▸ **DATA SECTION**:
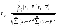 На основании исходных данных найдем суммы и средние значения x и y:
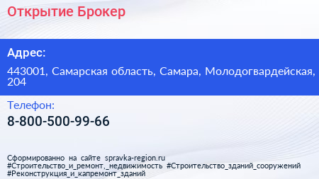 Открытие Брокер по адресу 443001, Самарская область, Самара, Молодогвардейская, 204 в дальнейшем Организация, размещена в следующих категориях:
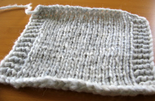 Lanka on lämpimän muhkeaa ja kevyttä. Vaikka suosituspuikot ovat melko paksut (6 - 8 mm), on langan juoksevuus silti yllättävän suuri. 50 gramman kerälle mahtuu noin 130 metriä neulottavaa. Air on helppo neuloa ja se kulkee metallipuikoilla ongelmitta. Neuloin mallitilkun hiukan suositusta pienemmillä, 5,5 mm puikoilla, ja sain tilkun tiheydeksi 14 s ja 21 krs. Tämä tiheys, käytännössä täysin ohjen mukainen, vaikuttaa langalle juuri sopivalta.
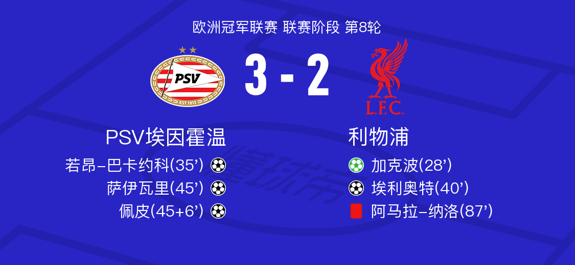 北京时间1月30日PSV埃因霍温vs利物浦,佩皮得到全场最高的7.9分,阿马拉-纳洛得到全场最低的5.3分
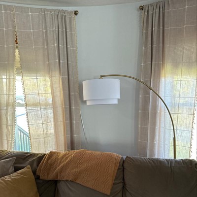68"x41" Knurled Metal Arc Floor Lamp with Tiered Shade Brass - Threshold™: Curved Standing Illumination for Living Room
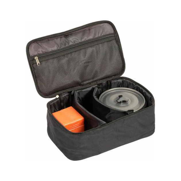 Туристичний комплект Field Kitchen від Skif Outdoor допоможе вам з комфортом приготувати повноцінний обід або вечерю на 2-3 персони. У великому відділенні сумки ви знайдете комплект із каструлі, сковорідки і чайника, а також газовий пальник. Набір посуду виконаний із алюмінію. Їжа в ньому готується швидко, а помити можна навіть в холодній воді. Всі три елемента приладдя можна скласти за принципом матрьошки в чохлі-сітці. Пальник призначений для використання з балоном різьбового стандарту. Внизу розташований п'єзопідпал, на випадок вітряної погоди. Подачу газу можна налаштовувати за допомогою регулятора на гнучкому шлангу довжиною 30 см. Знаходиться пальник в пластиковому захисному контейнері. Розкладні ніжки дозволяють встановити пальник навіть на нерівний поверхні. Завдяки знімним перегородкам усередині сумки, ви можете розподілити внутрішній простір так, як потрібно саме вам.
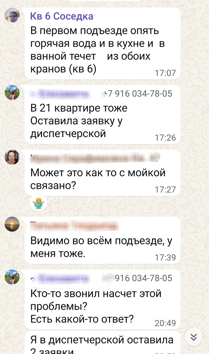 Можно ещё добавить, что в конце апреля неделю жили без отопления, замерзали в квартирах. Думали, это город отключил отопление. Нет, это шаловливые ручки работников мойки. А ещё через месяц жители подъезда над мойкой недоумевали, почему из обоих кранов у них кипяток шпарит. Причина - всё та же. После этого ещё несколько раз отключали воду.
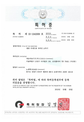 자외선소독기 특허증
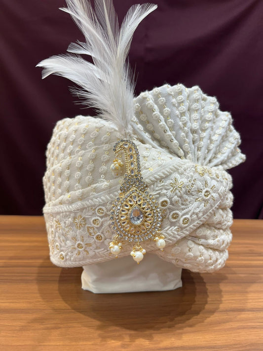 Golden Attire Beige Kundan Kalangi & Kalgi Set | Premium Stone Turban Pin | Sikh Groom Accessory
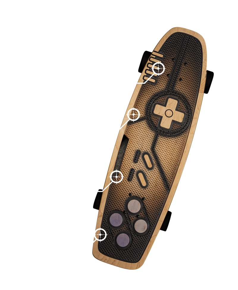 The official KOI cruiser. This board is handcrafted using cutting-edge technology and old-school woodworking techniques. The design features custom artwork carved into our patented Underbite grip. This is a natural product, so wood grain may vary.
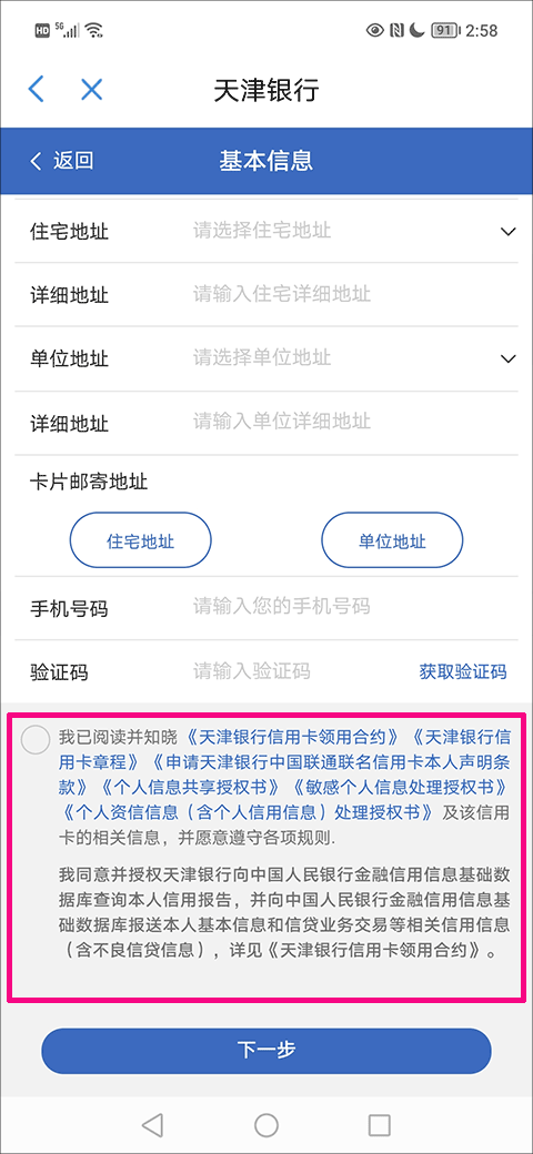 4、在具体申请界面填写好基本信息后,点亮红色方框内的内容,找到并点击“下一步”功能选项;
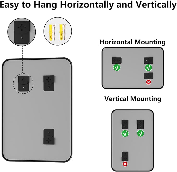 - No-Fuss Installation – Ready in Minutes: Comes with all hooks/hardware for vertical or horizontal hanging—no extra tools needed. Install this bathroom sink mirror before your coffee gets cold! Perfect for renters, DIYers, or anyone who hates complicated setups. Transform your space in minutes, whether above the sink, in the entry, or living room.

...

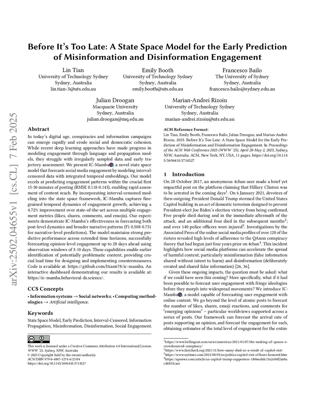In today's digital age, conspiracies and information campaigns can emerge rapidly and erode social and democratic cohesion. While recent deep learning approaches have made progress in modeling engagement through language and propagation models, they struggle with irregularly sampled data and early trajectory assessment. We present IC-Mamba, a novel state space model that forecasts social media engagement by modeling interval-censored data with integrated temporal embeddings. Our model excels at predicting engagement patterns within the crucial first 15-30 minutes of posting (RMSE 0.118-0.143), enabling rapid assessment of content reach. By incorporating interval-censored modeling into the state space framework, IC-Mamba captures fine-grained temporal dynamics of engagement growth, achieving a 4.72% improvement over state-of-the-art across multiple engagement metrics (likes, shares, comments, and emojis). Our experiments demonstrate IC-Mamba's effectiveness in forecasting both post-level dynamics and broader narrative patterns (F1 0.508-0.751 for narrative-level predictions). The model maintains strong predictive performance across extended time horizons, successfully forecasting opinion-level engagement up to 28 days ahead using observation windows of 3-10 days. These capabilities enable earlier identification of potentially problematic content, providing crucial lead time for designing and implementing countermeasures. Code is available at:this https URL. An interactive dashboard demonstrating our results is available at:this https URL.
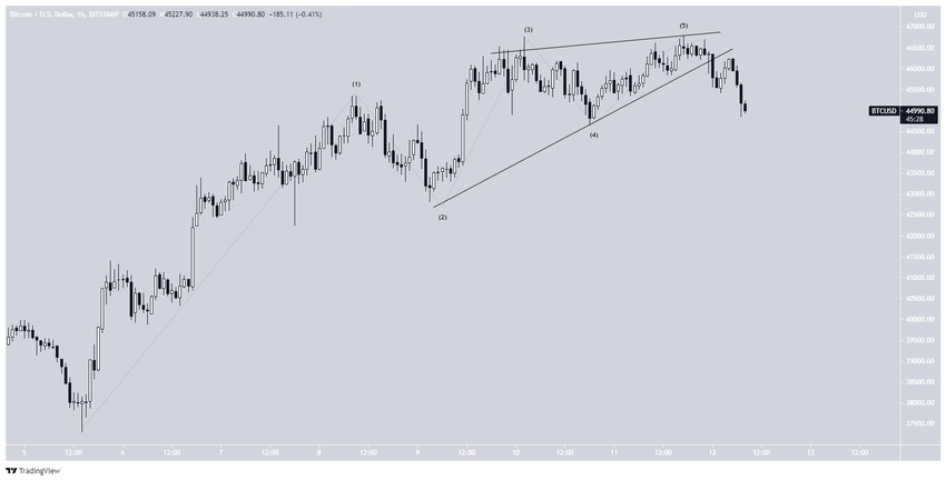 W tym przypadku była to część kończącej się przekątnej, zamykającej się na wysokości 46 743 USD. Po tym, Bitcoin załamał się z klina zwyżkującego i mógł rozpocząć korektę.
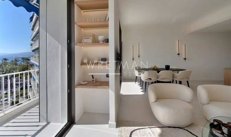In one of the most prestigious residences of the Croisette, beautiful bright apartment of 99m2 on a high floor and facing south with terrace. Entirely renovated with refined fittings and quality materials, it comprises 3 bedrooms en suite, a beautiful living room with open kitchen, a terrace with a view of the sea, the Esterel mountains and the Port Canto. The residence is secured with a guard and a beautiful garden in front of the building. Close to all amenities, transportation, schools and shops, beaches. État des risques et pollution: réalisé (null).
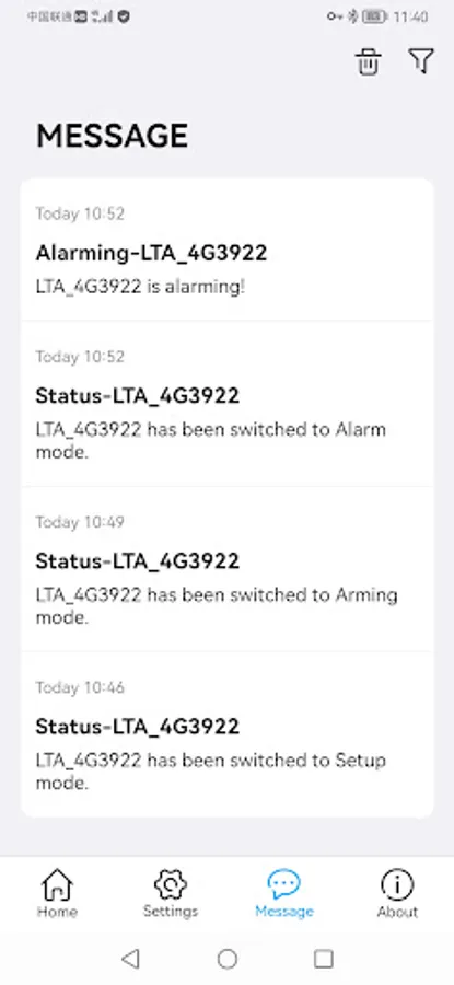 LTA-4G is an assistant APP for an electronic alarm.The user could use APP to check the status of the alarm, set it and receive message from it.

▸ **PROBLEM DESCRIPTION**: Transcribe only this stretch of the data: the line with "На основании исходных", the line with "Туристичний комплект Field", and every line in between. Leave out the pictures.

▸ **EXERCISE RESULT**:
 На основании исходных данных найдем суммы и средние значения x и y:
 Открытие Брокер по адресу 443001, Самарская область, Самара, Молодогвардейская, 204 в дальнейшем Организация, размещена в следующих категориях:
 Lanka on lämpimän muhkeaa ja kevyttä. Vaikka suosituspuikot ovat melko paksut (6 - 8 mm), on langan juoksevuus silti yllättävän suuri. 50 gramman kerälle mahtuu noin 130 metriä neulottavaa. Air on helppo neuloa ja se kulkee metallipuikoilla ongelmitta. Neuloin mallitilkun hiukan suositusta pienemmillä, 5,5 mm puikoilla, ja sain tilkun tiheydeksi 14 s ja 21 krs. Tämä tiheys, käytännössä täysin ohjen mukainen, vaikuttaa langalle juuri sopivalta.
 北京时间1月30日PSV埃因霍温vs利物浦,佩皮得到全场最高的7.9分,阿马拉-纳洛得到全场最低的5.3分
68"x41" Knurled Metal Arc Floor Lamp with Tiered Shade Brass - Threshold™: Curved Standing Illumination for Living Room
 Туристичний комплект Field Kitchen від Skif Outdoor допоможе вам з комфортом приготувати повноцінний обід або вечерю на 2-3 персони. У великому відділенні сумки ви знайдете комплект із каструлі, сковорідки і чайника, а також газовий пальник. Набір посуду виконаний із алюмінію. Їжа в ньому готується швидко, а помити можна навіть в холодній воді. Всі три елемента приладдя можна скласти за принципом матрьошки в чохлі-сітці. Пальник призначений для використання з балоном різьбового стандарту. Внизу розташований п'єзопідпал, на випадок вітряної погоди. Подачу газу можна налаштовувати за допомогою регулятора на гнучкому шлангу довжиною 30 см. Знаходиться пальник в пластиковому захисному контейнері. Розкладні ніжки дозволяють встановити пальник навіть на нерівний поверхні. Завдяки знімним перегородкам усередині сумки, ви можете розподілити внутрішній простір так, як потрібно саме вам.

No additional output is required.